In this day and age of online comparison sites and a wealth of options when it comes to applying for credit, it's tempting to fill in multiple applications in the hope of getting the best deal available, or even just to maximise your chances of having an application approved.

This is especially true if you have a less than perfect credit rating - back in the old days of filling out lengthy forms, sending them off by post, and waiting for a reply, applying for credit cards and so on could be a real chore if you just kept getting rejected. The ease of applying online nowadays means you might think it a good idea to apply for multiple products at once, seeing which ones are prepared to accept your application, and then choosing the best offer.

This could very well be a mistake, especially if your credit rating is already impaired.

Your Credit File

Your credit file is a record of all the major financial events in your life, from being approved for finance, to making repayments. Most people know that missing a payment, defaulting on a debt, or any other form of financial misdemeanour will be recorded on your file and will make it more difficult to obtain credit in the future.

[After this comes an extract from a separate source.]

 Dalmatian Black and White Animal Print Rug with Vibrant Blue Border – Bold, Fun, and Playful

What is perhaps less well known is that every application you make for credit is also recorded on your file, whether successful or not, and this can have consequences.

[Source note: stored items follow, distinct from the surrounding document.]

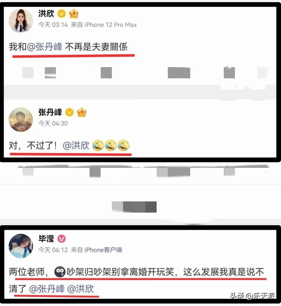 这场传闻中,最实锤的是洪欣、张丹峰、毕滢三人下场发文。
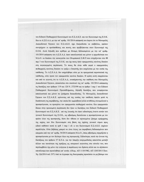 “Εφαρμόζοντας συνεπώς το Μονομελές Δικαιοδοτικό Όργανο το άρθρο 88 του Κανονισμού της Ε.Ο.Κ. αντί του άρθρου 67 του Ειδικού Πειθαρχικού Κανονισμού του Ε.Σ.Α.Κ.Ε. προέβη σε εσφαλμένη εφαρμογή πειθαρχικής ποινής. Σε κάθε περίπτωση η κύρωση του άρθρου 88 αντικατοπτρίζει την αυστηρότερη αντίληψη του παρελθόντος για την υπό κρίση παράβαση κατανικηθείσα ήδη δια της μεταβολής επί το ηπιότερο της αξιολόγησης της εν λόγω παράβασης, με αποτέλεσμα να καθίσταται όχι μόνο αδικαιολόγητα σκληρή η εφαρμογή του άρθρου αυτού, αλλά και δυσανάλογη.
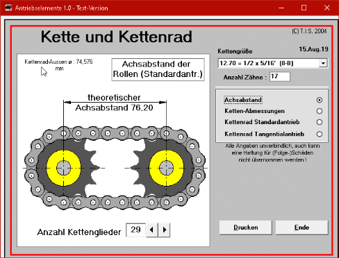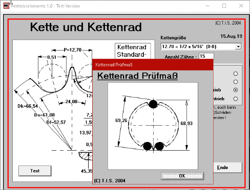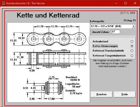 unten : Einige Tools aus der Fördertechnik:Anwendungen zur praxisnahen Berechnung von Antriebselementen wie Ketten, Zahn- und Rundriemen, Bahnlängen etc.
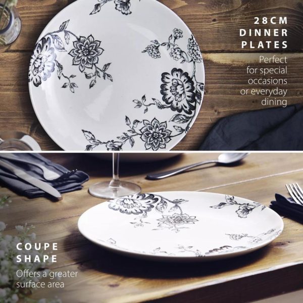Botanical Night Dinner Plate Set Black | Homeware Tower Housewares Dinnerware quantity
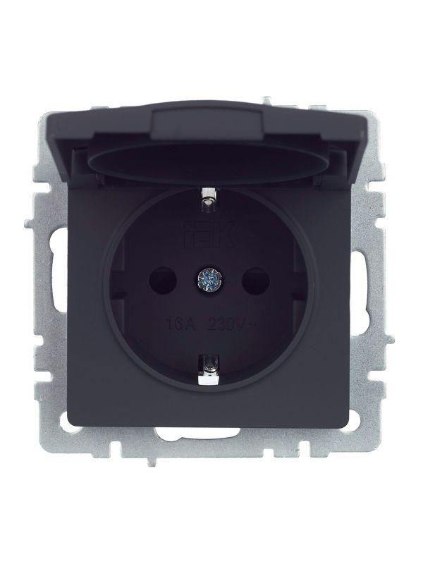 Розетка BRITE РСбш10-3-44-БрГ 16А IP44 с заземл. защ. шторки с крышкой механизм графит IEK BR-R16-16-44-K53
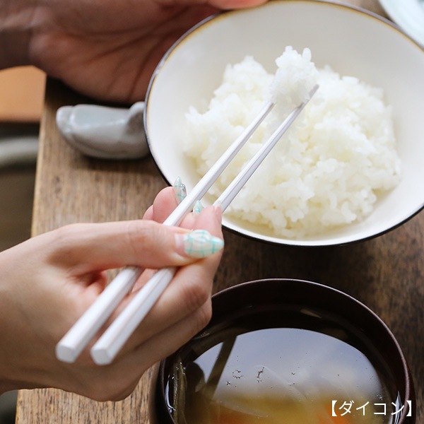 表面は野菜のようにややマットで、土っぽさを感じる下地が透けた風合い。すべすべとした手触りも良く、持った心地が良いお箸です。
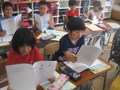 各教室では、「あゆみ」を先生からもらっています。一人一人、話をしながら渡します。1学期のがんばりを伝えたりみんなでたたえ合ったりします。「あゆみ」の形式も以前と変わりました。いかがだったでしょうか。
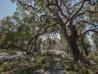 A rugged landscape at Kangaroo Point, Kangaroo Island, Sydney, South Australia. Deciduous trees cast hard shadows on the rocky coast. Clear skies provide a backdrop for the unique vegetation and rugged rock formations.
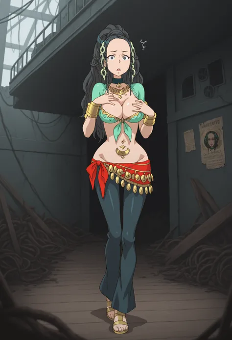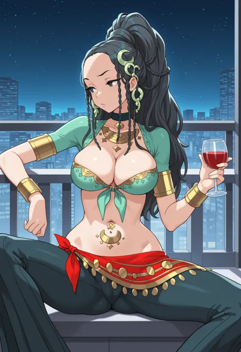 dark green choker, front-tie top, multicolored shirt, cyan shirt, yellow shirt, crop top, cleavage, short sleeves, golden necklace, midriff, golden bracelet, golden armlet, navel piercing, golden crescent, groin, multicolored sarong, red sarong, yellow sarong, dark blue pants,
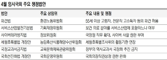 21일부터 시작된 4월 임시국회에서는 주로 무쟁점 법안들이 통과되는 대신 여야가 첨예하게 대치 중인 법안 처리는 쉽지 않을 전망이다. 이에 따라 노동개혁 관련 4개 법안 및 서비스산업발전기본법 등의 주요 법안들이 19대 임기 종료와 함께 자동 폐기되는 수순을 밟는 것이 아니냐는 관측이 나온다.
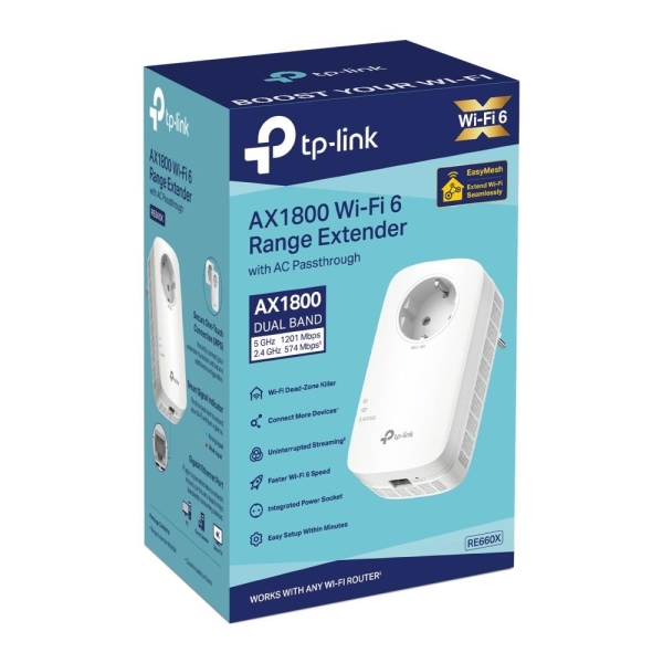 TP-Link RE660X EasyMesh/OneMesh WiFi6 Extender/Repeater (AX1800,2,4GHz/5GHz,1xGbELAN)
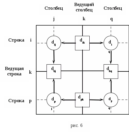 Основной шаг. Задаем строку k и столбец k как ведущую строку и ведущий столбец.
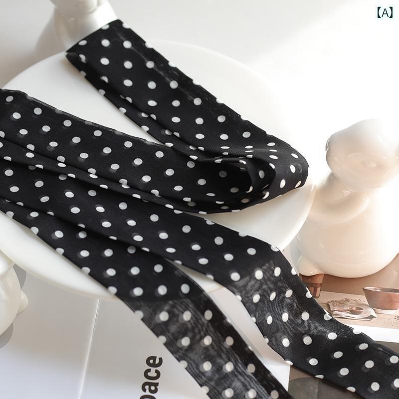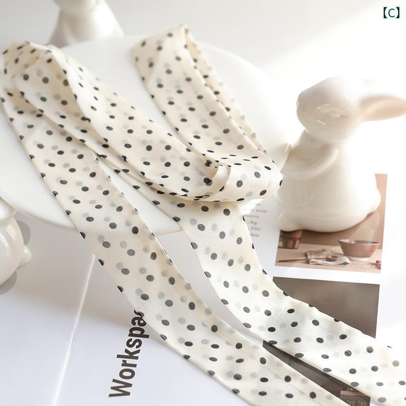 スカーフ おしゃれ レディース 100 % シルクスカーフ ロング ブラックと ホワイト ドット 柄 リボン マルベリー シルク ヘア バンド 春夏 レディース ネック オーナメント スカーフ
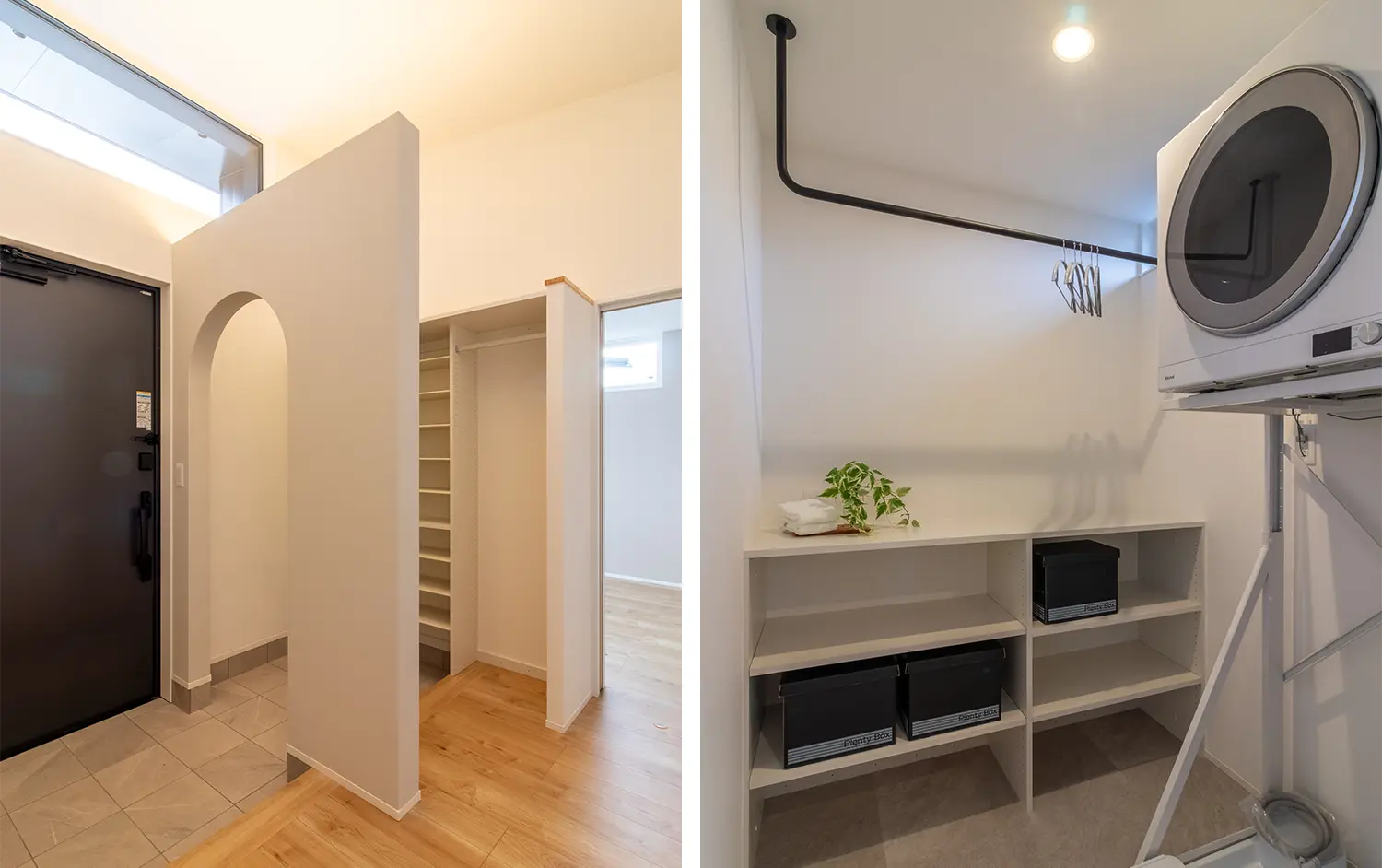 家で過ごす時は少しでも負担を軽く、そして50年後の未来を考えて。玄関と寝室・WICの位置関係に気を配り、水廻りは使いやすくまとめました。

If your file shows a large amount of applications, this could be taken as a sign that you're desperate for credit from any source and that your underlying finances are in less than perfect shape. This could obviously raise flags in a lender's mind and make them less willing to approve your application. Obviously, this is even more the case if you have a high number of unsuccessful applications recorded over a very short period.

What Can Be Done?

The first and most basic tactic is to carefully look at the published acceptance criteria for a product before you apply, and if you are in any doubt about whether you qualify, pass over it. If you have had money problems in the recent past, there's probably little point in trying to get one of the 'best buy' credit cards with the best offers - you'll need to set your sights a bit lower. Maybe a credit card specifically aimed at people with bad credit could be an answer, or even one of a mainstream bank's standard cards rather than a gold or platinum one.

Quotation Searches

One other option to look out for is something called a quotation search or soft search. This is not offered by all lenders, but it differs from a normal credit check in that it leaves no trace on your credit file. If you can find a lender offering this facility, you will enter your details as normal, then after a quotation search, you will be shown an example of the kind of offer you can reasonably expect to be given. If you decide to go forward with your chosen offer, a full credit search will then be carried out to finalise your application.

A successful quotation search will not guarantee that your full application will be accepted, especially if you have serious black marks like CCJs on your file, but it will give a good indication if you're the general type of customer a bank wants based on your income, employment history and so on, and will cut down on the number of fruitless full credit checks recorded against you.